## Information shown
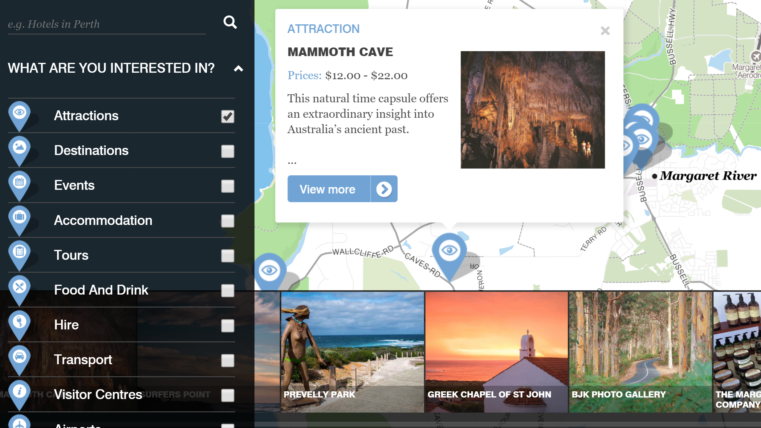 例えば、ワイナリーで大人気の観光地、マーガレットリバーをクローズアップして、左のメニューの「Attraction」にチェックを入れると、周辺地域の見どころスポットが表示されます。そして、各スポットにカーソルを合わせると説明が表示されます。
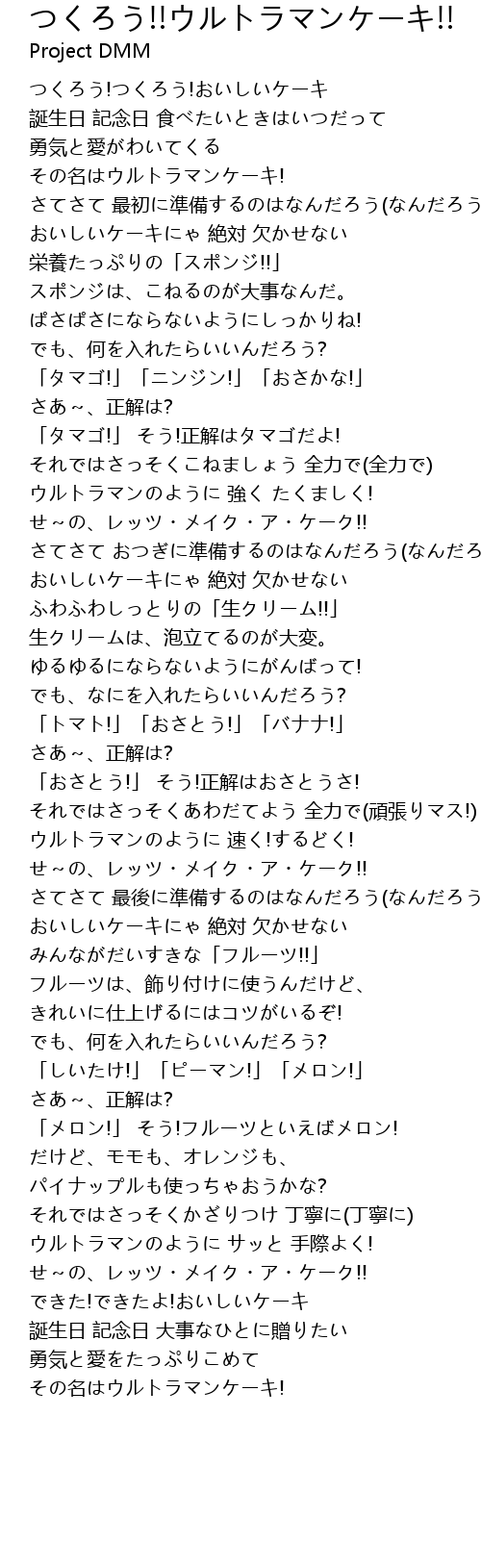 | 歌曲 | つくろう!!ウルトラマンケーキ!! |
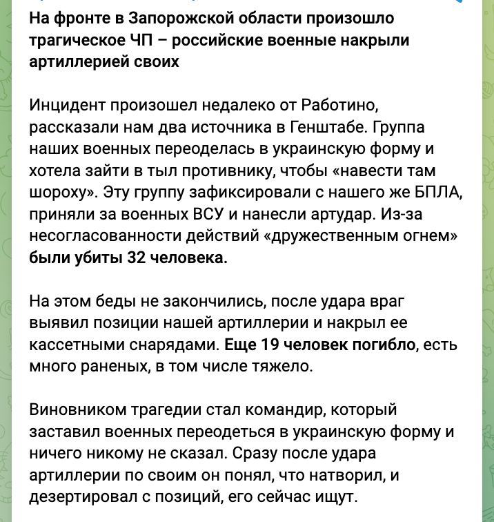 Недалеко от Работино в Запорожской области российские оккупанты накрыли артиллерией своих. Z-каналы сообщают, что группа захватчиков переоделась в форму ВСУ и хотела зайти в тыл защитников. Однако российское БПЛА зафиксировало их передвижение, группу приняли за ВСУ и нанесли артудар. "Дружественным огнем" были убиты 32 российских военнослужащих.
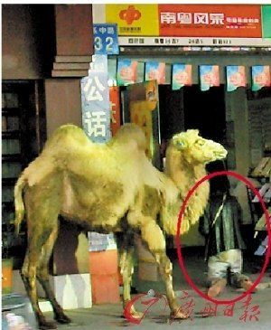 13日下午1时许,一名青年男子拉着一头骆驼,沿着广州丰乐路行乞。男子在每一家店铺前停下,甚至下跪不起(见图红圈所示),只为收取各家各户5角至1元的“打发费”。男子年约二三十岁,大热天里仍穿着长袖深色衣装,全身发出霉味。被他拉着招摇过市的是一头双峰骆驼,高近两米,显得很温顺。

## What you have to do
Could you retype every line above exactly as it appears, skipping the pictures?

## Written reply
 例えば、ワイナリーで大人気の観光地、マーガレットリバーをクローズアップして、左のメニューの「Attraction」にチェックを入れると、周辺地域の見どころスポットが表示されます。そして、各スポットにカーソルを合わせると説明が表示されます。
 | 歌曲 | つくろう!!ウルトラマンケーキ!! |
 Недалеко от Работино в Запорожской области российские оккупанты накрыли артиллерией своих. Z-каналы сообщают, что группа захватчиков переоделась в форму ВСУ и хотела зайти в тыл защитников. Однако российское БПЛА зафиксировало их передвижение, группу приняли за ВСУ и нанесли артудар. "Дружественным огнем" были убиты 32 российских военнослужащих.
 13日下午1时许,一名青年男子拉着一头骆驼,沿着广州丰乐路行乞。男子在每一家店铺前停下,甚至下跪不起(见图红圈所示),只为收取各家各户5角至1元的“打发费”。男子年约二三十岁,大热天里仍穿着长袖深色衣装,全身发出霉味。被他拉着招摇过市的是一头双峰骆驼,高近两米,显得很温顺。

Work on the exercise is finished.